The latest news on China’s subsidy policy for hybrid buses has been a mixed bag. The good part is that the government subvention is likely to be extended. But the worrisome aspect is that the subsidy amount may be reduced substantially, which could hurt the fledgling new-energy vehicle market.
In China over 70 percent of the commercial vehicles powered by new energy are bus coaches. Of such vehicles, diesel-electric hybrids account for 90 percent, given the fact that the government subsidies are generous and bus fleet buyers can get easier access to charging ancillary facilities.
Generally speaking, the sticker prices on traditional diesel and hybrid coaches are 300,000 yuan (US$49,410) and 800,000 yuan respectively. But China has been handing out subsidy of up to 420,000 yuan for each hybrid bus sold since 2009, making the greener model quite competitive in the market.
On strength of the subvention and expected huge saving in fuel expense, sales of diesel-electric powered coaches heated up in the country, with about 20,000 units sold over the last four years.

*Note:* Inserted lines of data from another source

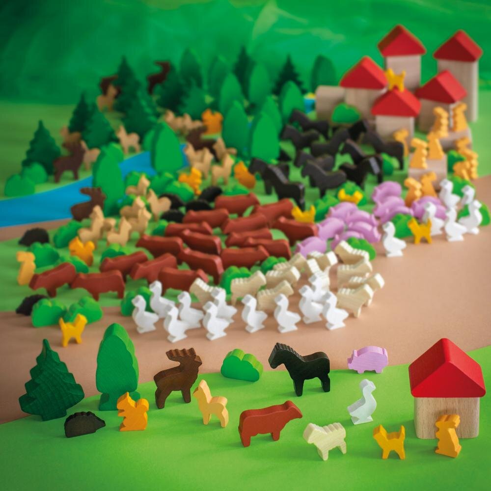 Drewniane figurki zwierząt drzew domów 200 elementów Erzi
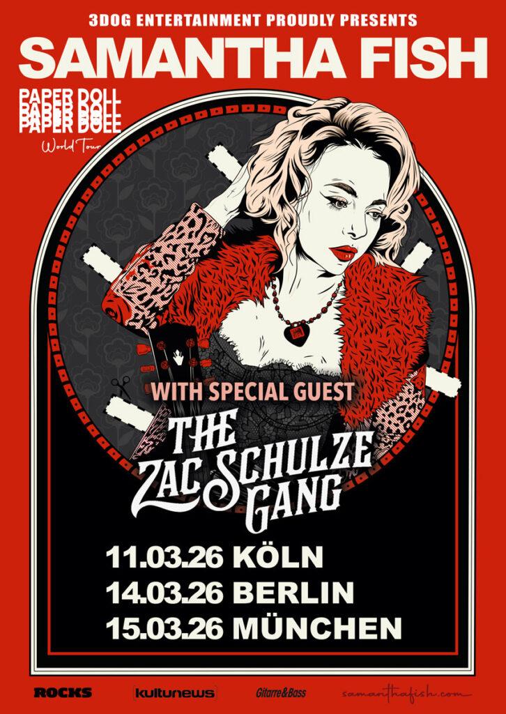 In spring 2026, Samantha Fish and her band will stop in Germany as part of the "Paper Doll World Tour" to present the new album live at three exclusive shows:
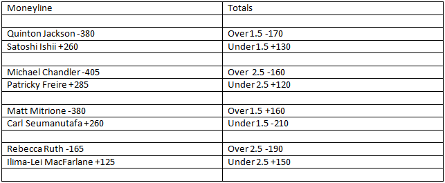 ——————– Brad’s Analysis: Rampage should be able to get to Ishii’s chin in this one, but if this fight goes wrong for him, it will be his worst nightmare. 15 minutes of being stuck underneath a slow-paced, positional grappler like Ishii is probably his version of hell. I don’t think we’ll have to worry about that however, as Ishii’s takedown game in MMA isn’t all the great, and Rampage has always had solid takedown defense. If Michael Chandler stands with Patricky, he’s putting himself in a bit of danger, but even then he should be able to win the fight on activity so long as he avoids a knockout. If he takes it to the ground, he should be able to wear Pitbull down and eventually find a finish. The demise of Chandler was always very heavily overstated, and I think he continues to prove that here. Pitbull is much closer to the Dave Rickelses and Derek Camposes of the world than Eddie Alvarez and Will Brooks. This is the matchup Matt Mitrione would have picked if he could have picked his Bellator debut (and the only reason I don’t think he did is because he probably has no idea who Carl Seumanutafa is). Mitrione is the faster, longer, more powerful, and more varied striker of the two, and this will be a striking match. The only reason the line isn’t bigger: heavyweights. Rebecca Ruth’s only pro loss was a split decision against Jocelyn Jones-Lybarger, who it turns out is pretty decent. That result on its own gives me more confidence in Ruth than any of MacFarlane’s wins over her inexperienced, limited opponents. I won’t be betting this one, but if the line flips, Ruth will be the play.

Zhengzhou Yutong Bus Co. Ltd. (600066.CN) and Xiamen King Long Motor Group Co. Ltd. (600686.CN) have emerged as the key hybrid bus providers in the country. The two firms are continually expanding their production capacities to absorb the robust demand. But both of them are also more exposed to the growing policy risks.
According to the Shanghai Securities News, Beijing will soon revise the subsidy policy and slash the maximum allowance to just 100,000 yuan. If that indeed happens, it will greatly undermine the competitiveness of hybrid coaches in the country, driving fleet buyers back to the environment-unfriendly pure-diesel-powered buses.
The possible subsidy cut, coupled with the steady rise in electricity tariffs in China, could easily ruin the painstakingly established niche market for home-built new-energy vehicles.